苺のカットに関して。「7mmに切る」というとなんだか難しそうですが、「1cmより小さく、5mmよりは大きく切る」と考えてください。小さめに切った方が食べた時に一体感が出ます。ですが、小さすぎると果実のごろっと感がなくなります。だからこその7mmです。
実はクリームの絞り方と苺ののせ方にもちょっとしたこだわりがあるんです。このビスキュイというスポンジはジェノワーズのようなしっとりスポンジよりも吸水性が高め。そして水分を吸ってもある程度までは保形できます。なのでクリームを丸くドーナツ状に絞って真ん中をあけています。そうすると真ん中に苺がたくさんのるし、カットした断面がスポンジに直接あたり、果汁をスポンジがキャッチしてくれるのです。
そして見た目がかわいくなるように外側にくるところに苺を配置するのも忘れずに。このチラ見えがとってもかわいいのです。
もちろんクリームの絞り方や苺ののせ方は自由演技でもOK!ですが、いろんなクリームの絞り方や苺のカットの仕方、のせ方をしてみて、私的にはこのやり方が一番バランスがよくなりました。

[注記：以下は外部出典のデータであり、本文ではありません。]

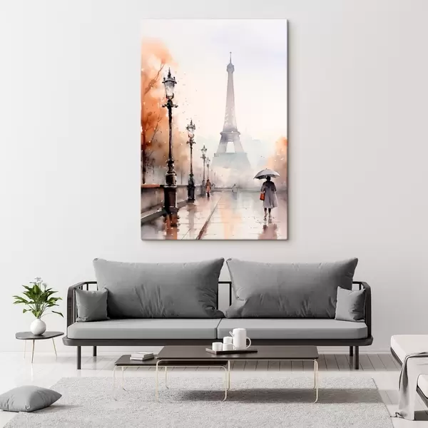 Glezna Lietains diena Parīzē ar Eifeļa torni fonā un vintage ielu laternām Nr s45930

挟みたてと時間が経ったもので食感が変わります。すぐに食べると軽さが引き立ちます。サクっと羽のような軽やかさがとっても気持ちいい。時間が経つにつれてしっとり度が増します。まわりはサクッとしつつ、ふんわりしっとり。どっちも選べないくらいよい感じ。作って半分をすぐに食べ、残りは次の日に食べるのがいつもの食べ方。みなさまもぜひどちらの食感も食べて比べてみてくださいね。
苺は踊る
苺はフルーツ界のアイドルだと思います。
見た目のキュートさ、甘酸っぱい味わい。みんなから愛される国民的な人気フルーツ。そして苺をブッセにすることでこの愛され感が全開になる気がします。
しっとりふわふわがジェノワーズなら
さっくりふわふわがビスキュイ
どこまでも軽く、高く飛べそうなそんなスポンジに挟まれて、苺たちがなんとも可愛いダンスを踊っている。食べるとそんな気持ちになるお菓子です。
そろそろ路地ものの苺がお手頃な値段で出回る季節。ぜひ苺のブッセを愛でて、食べて楽しんでみてください。